Esta decisão foi anunciada depois que o príncipe herdeiro, Mohamed ben Salman, recebeu um representante de Doha, pela primeira vez desde a ruptura das relações bilaterais, em 5 de junho, quando Arábia Saudita, Emirados Árabes Unidos, Bahrein e Egito acusaram o Catar de apoiar o "terrorismo".

O rei ordenou que seja permitido aos peregrinos catarianos "entrar na Arábia Saudita pela fronteira para realizar a peregrinação", disse o comunicado.

Segundo o texto, o monarca também ordenou que aviões particulares pertencentes às companhias aéreas de Riade fossem enviados ao aeroporto de Doha "para trazer todos os peregrinos catarianos às suas custas".

Há dois meses o Catar está sob um duro embargo imposto por seus vizinhos do Golfo Pérsico, entre eles a Arábia Saudita, os Emirados Árabes Unidos e o Bahrein.
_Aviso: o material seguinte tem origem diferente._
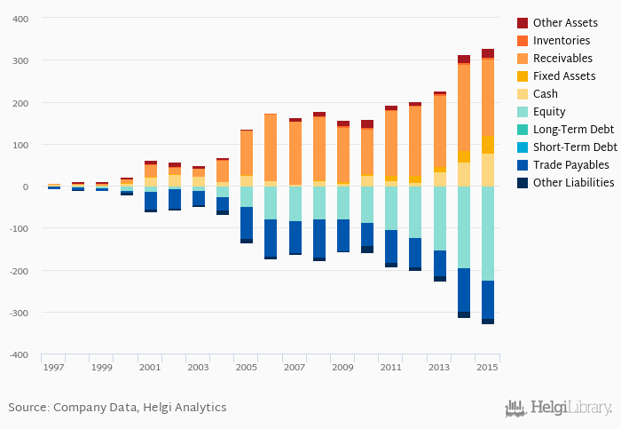 Net debt against equity is down 0.043 pp from five years ago (-0.302). The ratio against EBITDA increased from -1.70x seen in 2010 to -1.56x.

Todas as fronteiras terrestres e marítimas com o pequeno emirado foram fechadas e impuseram severas restrições aéreas.

O príncipe herdeiro destacou "as relações históricas entre o povo saudita e os catarianos e entre o poder saudita e a família real do Catar".

O Catar sempre negou todas as acusações, e no mês passado acusou a Arábia Saudita de dificultar a peregrinação dos catarianos.

O rito do "hach", que se inicia em agosto deste ano, constitui um dos cinco pilares do Islã, que todo muçulmano deve cumprir pelo menos uma vez na vida se tiver meios para isso.

O emirado, onde vivem aproximadamente 2,6 milhões de habitantes, dos quais 80% são estrangeiros, é o mais rico do mundo por habitante -em paridade de poder aquisitivo-, segundo o FMI.

O país abriga a terceira reserva de gás do mundo e é o maior exportador mundial de gás natural liquefeito (GNL).

Além disso, o Catar tem um 'tesouro' de aproximadamente 330 bilhões de dólares das participações internacionais de seu fundo soberano, o Qatar Investment Autorithy (QIA).